PROBLEM STATEMENT –
When you reach the line that contains "This tool is", begin copying exactly and continue through the last line below. Do not copy pictures.

DATASET SECTION –
|---|
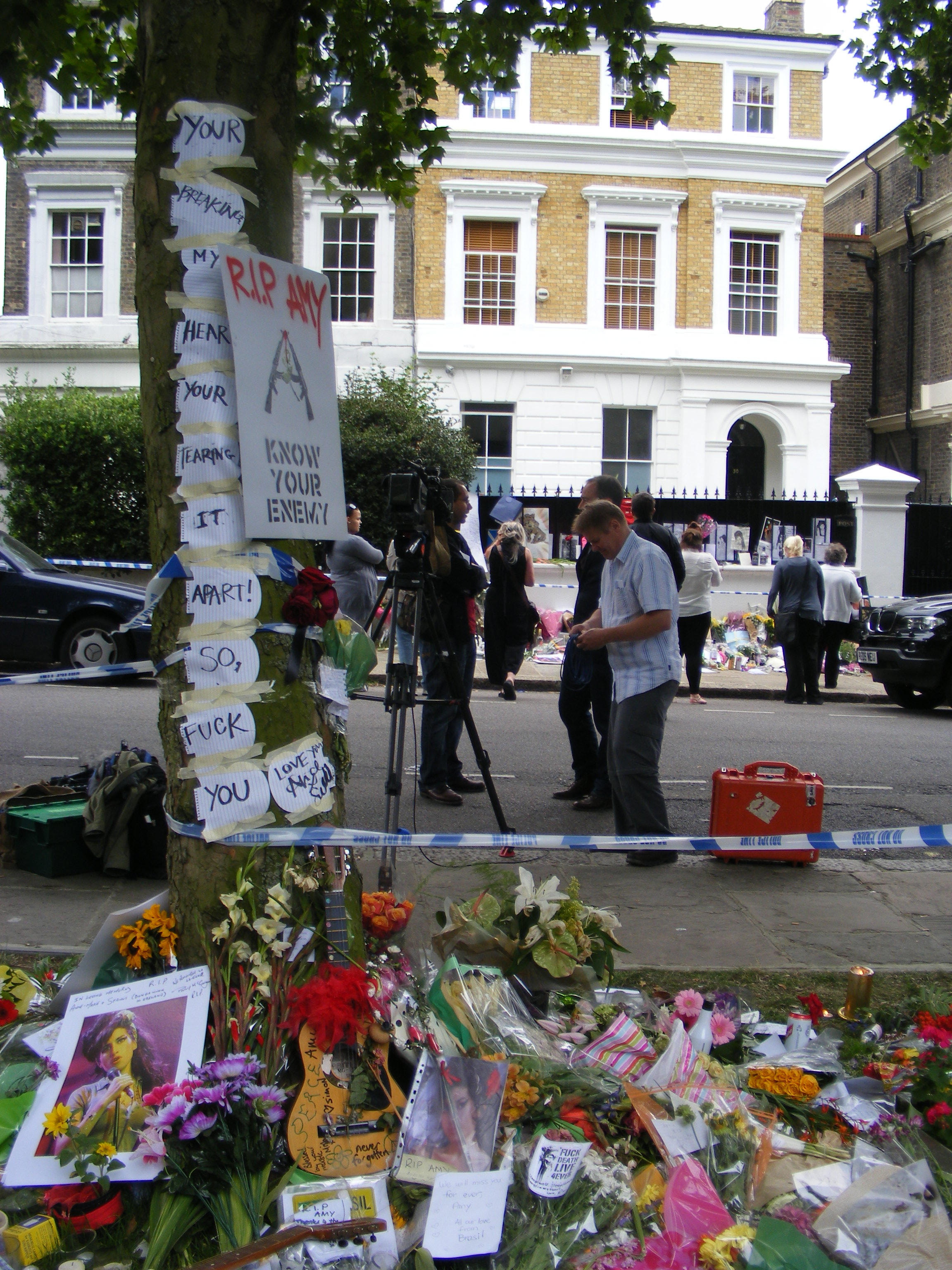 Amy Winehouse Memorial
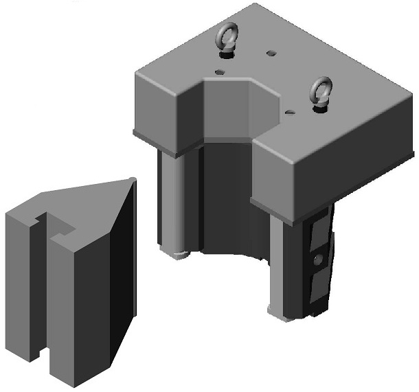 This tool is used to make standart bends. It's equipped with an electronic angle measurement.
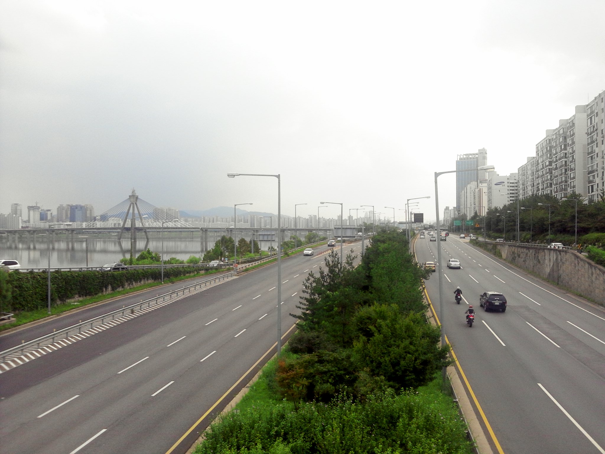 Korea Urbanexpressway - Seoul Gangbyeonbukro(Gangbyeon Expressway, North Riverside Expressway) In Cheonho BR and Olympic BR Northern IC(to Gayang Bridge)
|---|
WORKED SOLUTION –
 This tool is used to make standart bends. It's equipped with an electronic angle measurement.
 Korea Urbanexpressway - Seoul Gangbyeonbukro(Gangbyeon Expressway, North Riverside Expressway) In Cheonho BR and Olympic BR Northern IC(to Gayang Bridge)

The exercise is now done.